비디오 객체 중심 학습을 위한 선택적 시너지 학습

초록

전형적인 비디오 객체 중심 학습(VOCL) 접근법은 재구성 기반의 인코더-디코더 아키텍처에 의존하는 슬롯 기반 프레임워크를 사용하며, 이때 학습은 두 가지 공간 맵, 즉 인코더의 주의 맵(attention map)과 디코더의 객체 맵(object map)에 의해 매개된다. 이 두 맵은 서로 다른 속성을 나타내므로, 최근의 조밀 정렬(dense alignment) 전략은 대조 학습(contrastive learning)을 통해 모든 시공간 패치 간의 일치를 강제함으로써 이러한 차이를 조정하려고 시도했다. 그러나 이러한 무분별한 정렬은 잡음이 많은 인코더 예측과 흐릿한 디코더 경계와 같은 각 모듈의 고유한 약점을 의도치 않게 전파한다. 게다가 모든 쌍 간의 조밀 유사도를 계산하는 것은 총 시공간 패치 수에 대해 이차(quadratic)의 계산 비용을 초래하여 확장성을 심각하게 제한한다. 이에 착안하여 우리는 선택적 시너지 학습(Selective Synergistic Learning, SSync)을 제안한다. SSync는 모든 패치 간의 정렬을 수행하는 대신, 가장 신뢰할 수 있는 단서만을 선택적으로 증류하여 오류 전파를 방지한다. 즉, 인코더는 경계 정제에, 디코더는 내부 잡음 제거에 엄격히 활용한다. 이는 선형 복잡도를 갖는 의사 레이블링(pseudo-labeling)을 통해 실현되며, 이차적 공간 비교의 필요성을 제거한다. 또한, 슬롯 중복과 같은 구조적 편향의 강화를 방지하기 위해, 시공간 활성화 일관성에 기반하여 중첩되는 슬롯을 통합하는 전이적 의사 레이블 병합(transitive pseudo-label merging)을 도입한다. 광범위한 실험을 통해 SSync가 분할 품질을 향상시키고 플러그 앤 플레이(plug-and-play) 방식의 다용도 모듈로 기능할 뿐만 아니라 슬롯 구성에 대해 탁월한 견고성을 보임을 입증한다. 코드는 github.com/wjun0830/SSync에서 확인할 수 있다.

English

Typical video object-centric learning (VOCL) approaches employ slot-based frameworks that rely on reconstruction-driven encoder-decoder architectures, where learning is mediated by two spatial maps: attention maps from the encoder and object maps from the decoder.

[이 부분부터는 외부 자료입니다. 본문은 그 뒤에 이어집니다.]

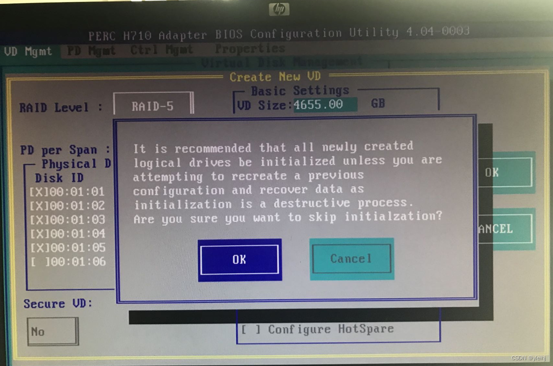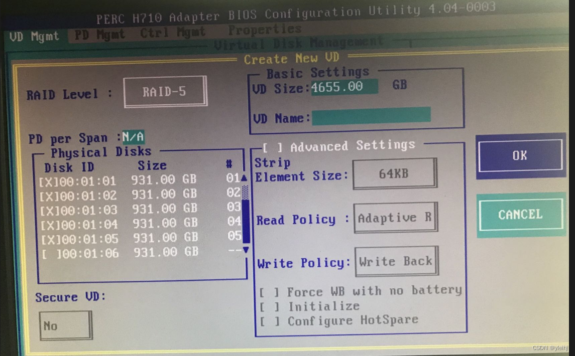 3: Raid Level选择RAID-5,物理磁盘剩余一个其余的都选,然后选择OK.。做Raid5最少要三块硬盘,要是做热备盘就最少需要四块硬盘。
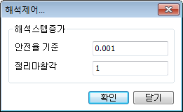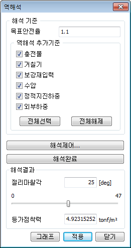 | 해석 | - 해석을 수행합니다. - 해석제어에서 절리마찰각 스텝증가 간격과 안전율 기준을 설정할 수 있습니다. - 안전율 기준은 역해석 수렴조건에 해당하며, 절리마찰각 스텝은 입력된 간격만큼 0부터 증가시키며 반복계산을 수행합니다. |
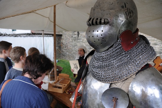 Na hradě zbrojnoš učil střílet z házecího praku. Mohli jste si vyzkoušet i jeho drátěnou kuklu.
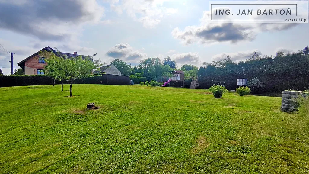 Na pozemku ovocné stromy, keře, travnatá plocha, částečně oploceno.
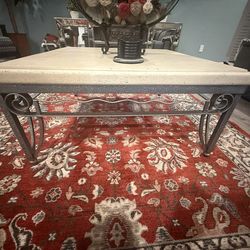 PRICE DROP! Scrollwork Design Wrought Iron Coffee Table w/ Stone Top, Square, Cream Color and Silver$20Pembroke Pines, FL
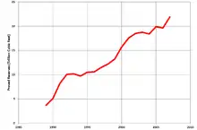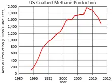 The 2017 production of coalbed methane in the United States was 0.98 trillion cubic feet (TCF), 3.6 percent of all US dry gas production that year. The 2017 production was down from the peak of 1.97 TCF in 2008.[1] Most coalbed methane production came from the Rocky Mountain states of Colorado, Wyoming, and New Mexico.
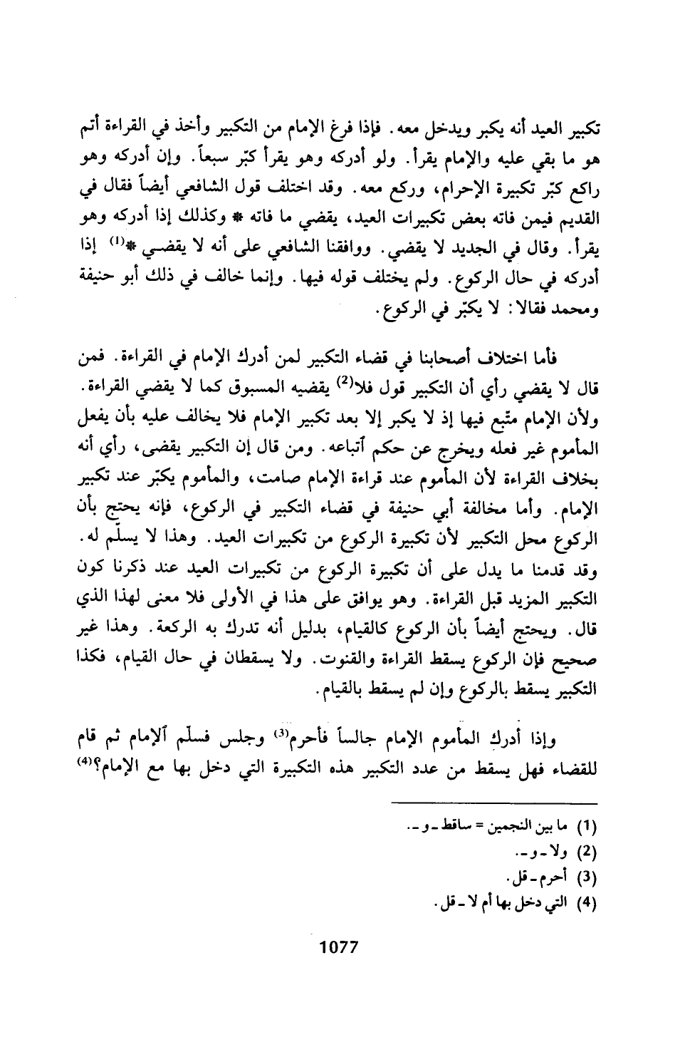 ولأن الإِمام متبع فيها إذ لا يكبر إلا بعد تكبير الإِمام فلا يخالف عليه بأن يفعل المأموم غير فعله ويخرج عن حكم اتباعه. ومن قال إن التكبير يقضى، رأي أنه بخلاف القراءة لأن المأموم عند قراءة الإِمام صامت، والمأموم يكبّر عند تكبير الإِمام. وأما مخالفة أبي حنيفة في قضاء التكبير في الركوع، فإنه يحتج بأن الركوع محل التكبير لأن تكبيرة الركوع من تكبيرات العيد. وهذا لا يسلّم له.
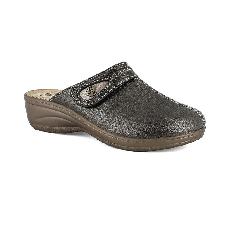 Comfortable slippers with anatomical leather footbed. They have a faux leather finish and strap closure.

As these two distinct maps exhibit different properties, a recent dense alignment strategy attempted to reconcile this discrepancy by enforcing agreement across all spatio-temporal patches via contrastive learning. However, this indiscriminate alignment inadvertently propagates the inherent weaknesses of each module, such as noisy encoder predictions and blurred decoder boundaries. Moreover, computing dense similarities across all pairs incurs a computational cost quadratic in the total number of spatio-temporal patches, severely limiting scalability. Motivated by this, we propose Selective Synergistic Learning (SSync). Instead of exhaustive patch-to-patch alignment, SSync prevents error propagation by selectively distilling only the most reliable cues: leveraging the encoder strictly for boundary refinement and the decoder for interior denoising. This is realized via a pseudo-labeling with linear complexity, eliminating the need for quadratic spatial comparisons. Also, to prevent the reinforcement of architectural biases like slot redundancy, we introduce a transitive pseudo-label merging that consolidates overlapping slots based on spatio-temporal activation consistency. Extensive studies demonstrate that SSync improves decomposition quality and serves as a versatile, plug-and-play module while also exhibiting exceptional robustness to slot configurations. Code is available at github.com/wjun0830/SSync.